Royal Air Maroc (RAM) est épinglé dans une enquête de l’émission « Pièces à conviction » diffusée sur la chaine française France 3, le 23 mars 2016. L’émission enquêtait sur la pratique « Pay to fly », présentée comme courante dans le secteur aérien.

L’enquête de « Pièces à conviction » met la lumière sur les agences d’intermédiation entre les jeunes pilotes et les compagnies. Un jeune pilote interviewé par les journalistes joue le jeu de la caméra cachée et filme son entretien avec une responsable de formation chez une importante agence.

Il ne faut pas attendre longtemps avant que la compagnie marocaine RAM soit citée. « Nous avons un programme de 500 heure au Maroc avec la RAM sur des vols en provenance du Maroc et à destination de l’Europe », avance la responsable formation. Elle ajoute que trois pilotes sont déjà en formation au Maroc. « Nous espérons que, très bientôt, ils nous prendront d’autres pilotes ». Le jeune pilote doit s’acquitter des 62.500 euros demandés par la compagnie s’il veut intégrer le programme. La pratique serait légale au Maroc.

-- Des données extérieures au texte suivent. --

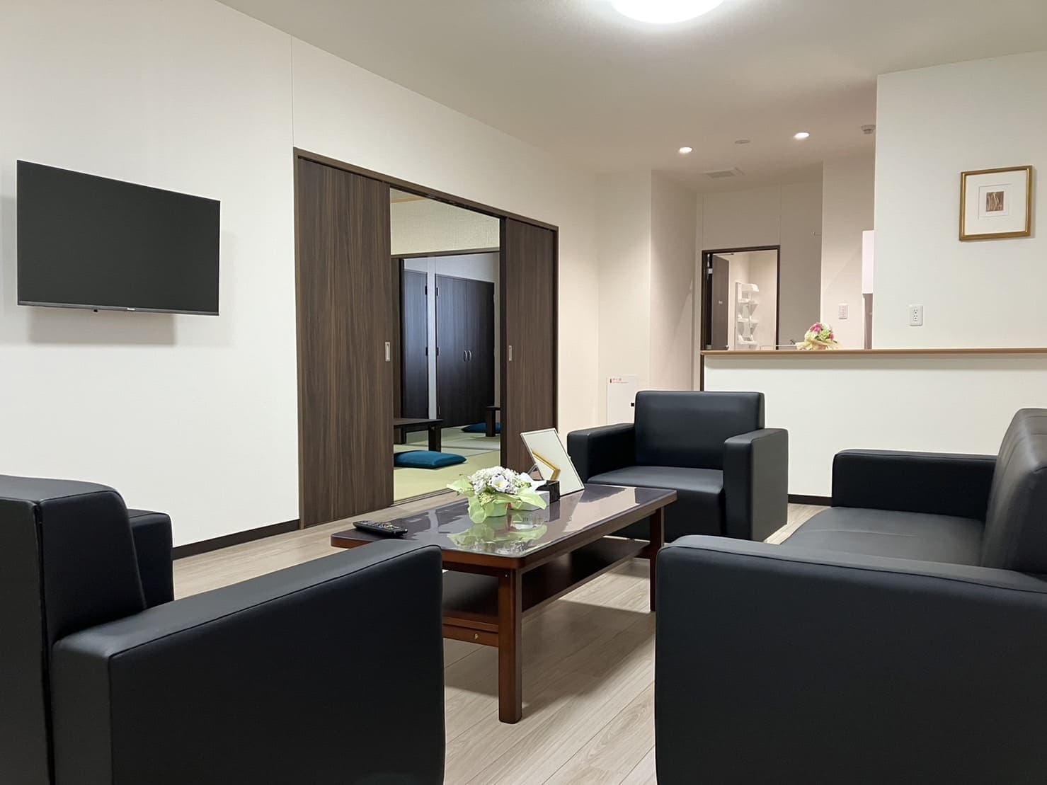 家族葬・一般葬・法事・法要などに対応できる充実設備。控室はもちろん、仮眠室など故人様とご家族がゆっくりと過ごしていただける空間をご用意。

Mais ce qui enfonce le clou c’est que la responsable de l’agence n’hésite pas à préciser que pour le cas de la RAM contrairement à d’autres compagnies « aucune évaluation préalable n’est réalisée. Vous payez et vous commencez ».


Les journalistes affirment avoir contacté la compagnie nationale marocaine sans succès. L’image de la RAM prend un sacré coup surtout que les journalistes relient cette pratique à certains accidents aériens.